Curiosités en carrières

Encore une promenade souterraine dans une carrière de calcaire qui recèle  de fort belles choses appelées à disparaître.
Le matériau extrait est un calcaire blanc relativement tendre.  Les strates exploitées  font environ deux  mètres d’épaisseur et la carrière est globalement horizontale couvrant une surface impressionnante. Les traces de taille  indiquent  que les blocs  découpés faisaient environ 2 mètres cube. La plupart ont servi aux travaux Haussmanniens.
Comme bien souvent, cette exploitation fut réutilisée plus tard comme champignonnière.
La carrière a été exploitée en piliers tournés disposés de manière régulière  et ressemble rapidement à un labyrinthe

 

Outre les piles non défruitéesHooo, c'est beau !, le ciel est soutenu, dans certains secteurs, par les rebuts empilés derrière des murs de moellons provenant du débitage. Ce système de soutènement se nomme: par hagues et bourrage.

 

Dans cette partie de la carrière, devant des hagues, on voit des blocs abandonnés sur place et celui du milieu, curieusement, sert d’assise à un pilier à bras..

 

A cet endroit, le ciel a dû montrer quelques signes de faiblesse qui justifient ces chandelles.

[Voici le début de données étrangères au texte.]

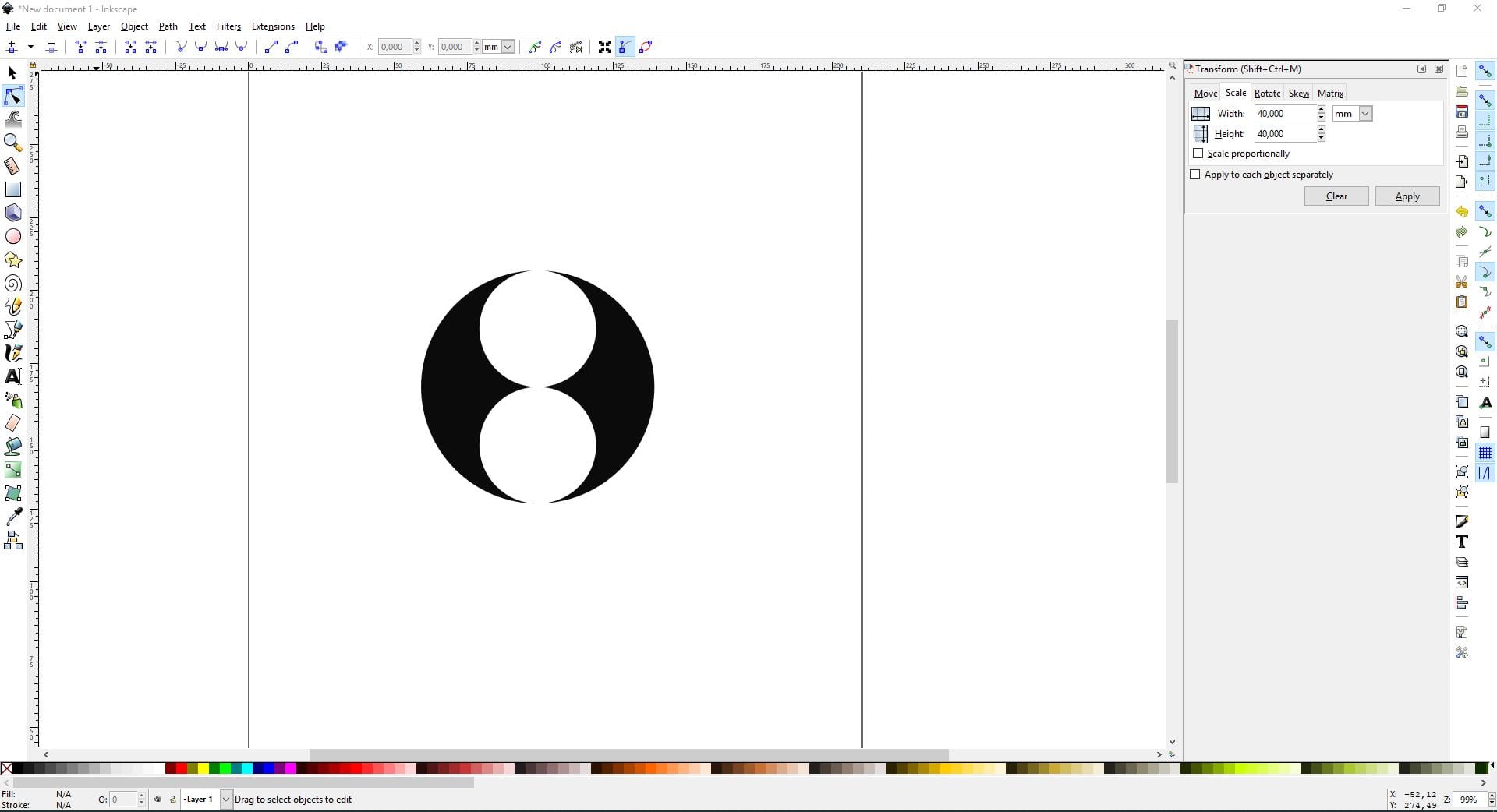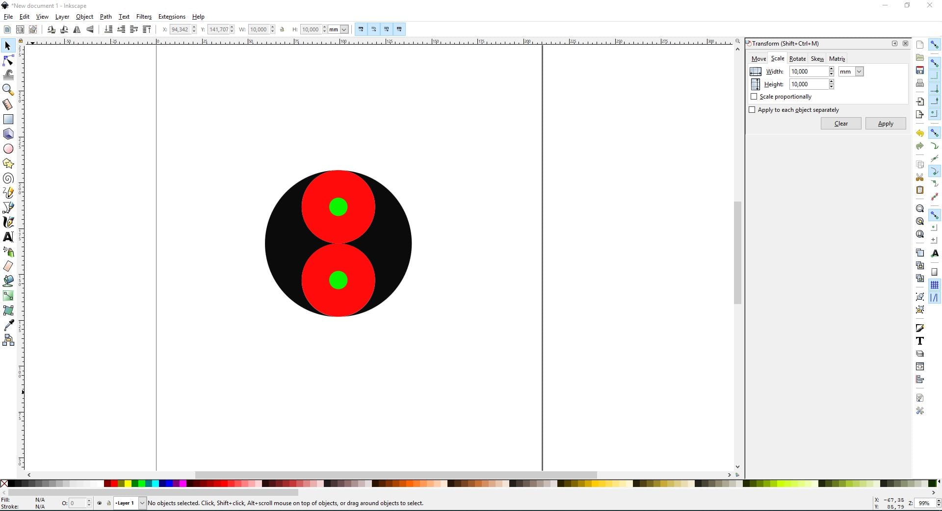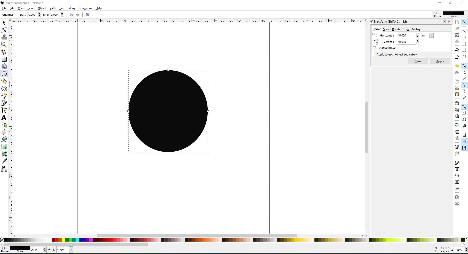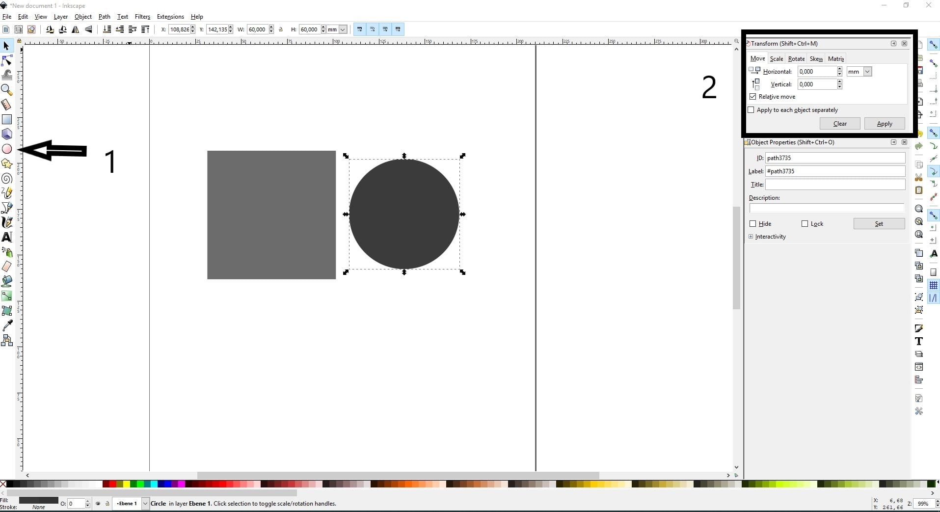 To draw a circle click und the circle tool(1) and draw it like the rectangle. To change its size the Transform-menu (2) is used. To bring it up press Shift+Ctrl+M. After entering the numbers hit Apply.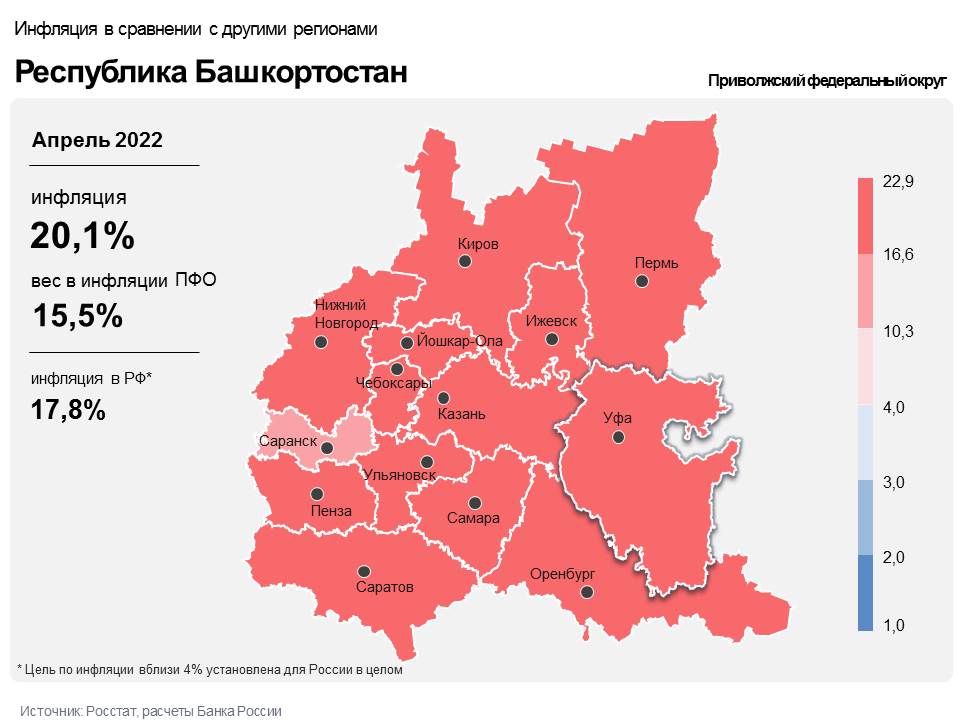 Годовая инфляция в Приволжском федеральном округе в апреле 2022 года ускорилась до 18,79% после 17,84% месяцем ранее. Это выше, чем в целом по России – 17,83% в апреле. Ускорение инфляции в округе в основном вызвано усилением санкционного давления, приведшим к увеличению издержек производителей и поставщиков, а также сокращению предложения отдельных товаров.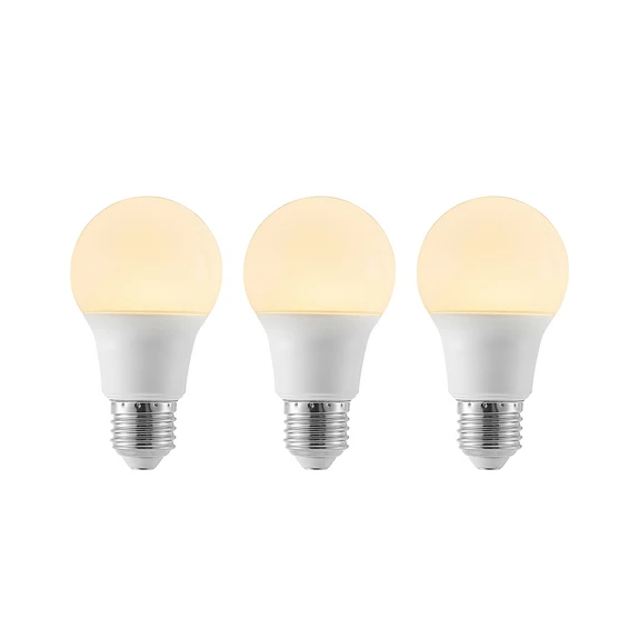 Опално бяла LED лампа E27 A60 8W с топъл бял цвят на светлината (3 000 K) в комплект от 3 броя Тази поликарбонатна LED лампа е много здрава и може да се използва като заместител на обикновена 60 W крушка в много осветителни тела. Тя не може да се димира - LED лампата се доставя в практичен комплект от 3 броя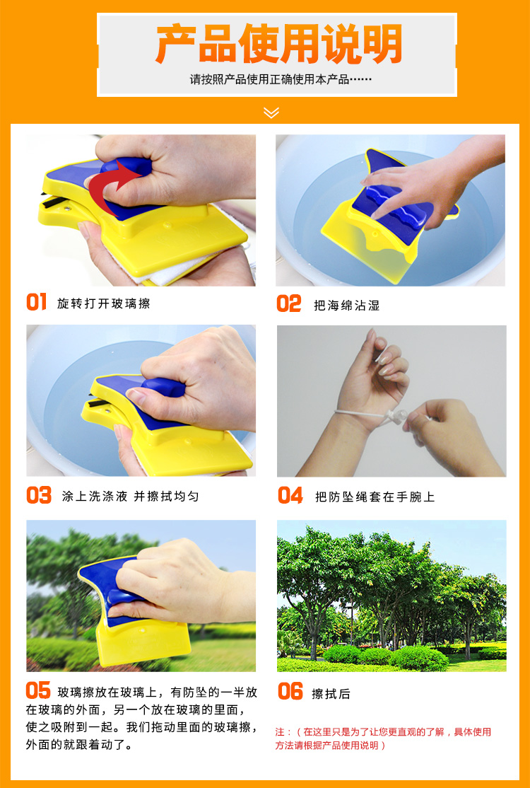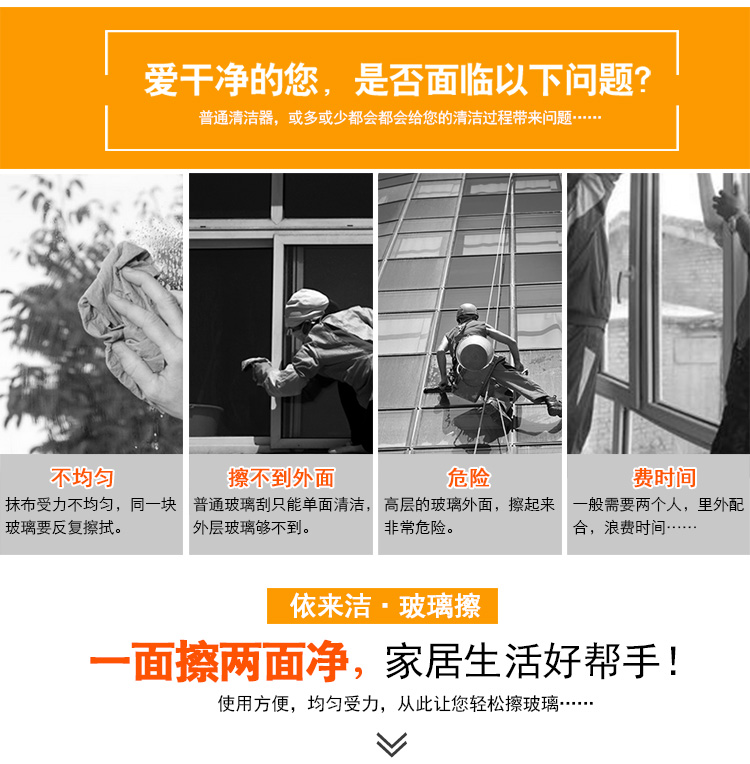 依来洁的玻璃清洁工具双面玻璃清洁器D型3-5mm

Je suppose que  ce renfort  date sûrement d’une époque postérieure à l’exploitation du calcaire car cet agencement gène la circulation dans la galerie et les étais sont encore dans un état relativement correct.

 

Nous avons ici un témoignage discret et fragile: un carrier a astucieusement employé le noir de fumée de sa lampe pour faire un tableau noir sur lequel figurent des chiffres dont nous ignorons la signification.

 

 On peut voir dans certains secteurs des contrôles de la pression que subissent les piliers . Dans une fente horizontale, est insérée une sorte de lamelle comportant un « coussinet » et un manomètre indique la pression que subit ce coussinet. Un rapide coup d’oeil nous confirme que l’on ne risque rien! Poursuivons la visite.

 

 Plus loin, une galerie de recherche a mis à jour une source qui forme un joli petit lac d’eau limpide.

 

Comme je l’ai écrit, cette carrière est assez vaste et certaines parties pourraient sembler monotones à parcourir. Il faut ici rendre hommage à Erik Rotheim le bienfaiteur qui a breveté la bombe aérosol. Les artistes locaux  peuvent ainsi décorer la blancheur des murs d’expressions artistiques d’un haut niveau. Comme l’inspiration ne leur manque pas, ils ont également brûlé quelques voitures pendant des manifestations de culture alternative ajoutant ainsi un dépôt  noirâtre  au sol de la carrière. Quand on pense que la chaleur dégagée  risque en plus de faire écrouler le plafond des galeries, on ne peut être qu’admiratif quant à l’imagination créative de ces artistes… en herbes.  Bon, au moins pendant ce temps là, ils ne  traînent pas dans les musées.
Faisons abstraction de tout cela en contemplant ces beaux renforts voûtes.

 

A cet endroit, pas de dégradations pariétales, les infiltrations d’eau ont nécessité l’emploi d’une pompe et décorent à leur manière les parois par l’apport de calcite.

 

Petit à petit, les concrétions se développent apportant une touche insolite à ces longs couloirs.

 

Après avoir erré dans ce dédale, fatigués et crottés mais heureux, nous prenons un bon bain et rentrons au volant de notre machine à remonter le temps.

 

Vous pouvez découvrir d’autres aspects  de  ces lieux insolites en cliquant sur l’image suivante:

Une réflexion au sujet de « Curiosités en carrières »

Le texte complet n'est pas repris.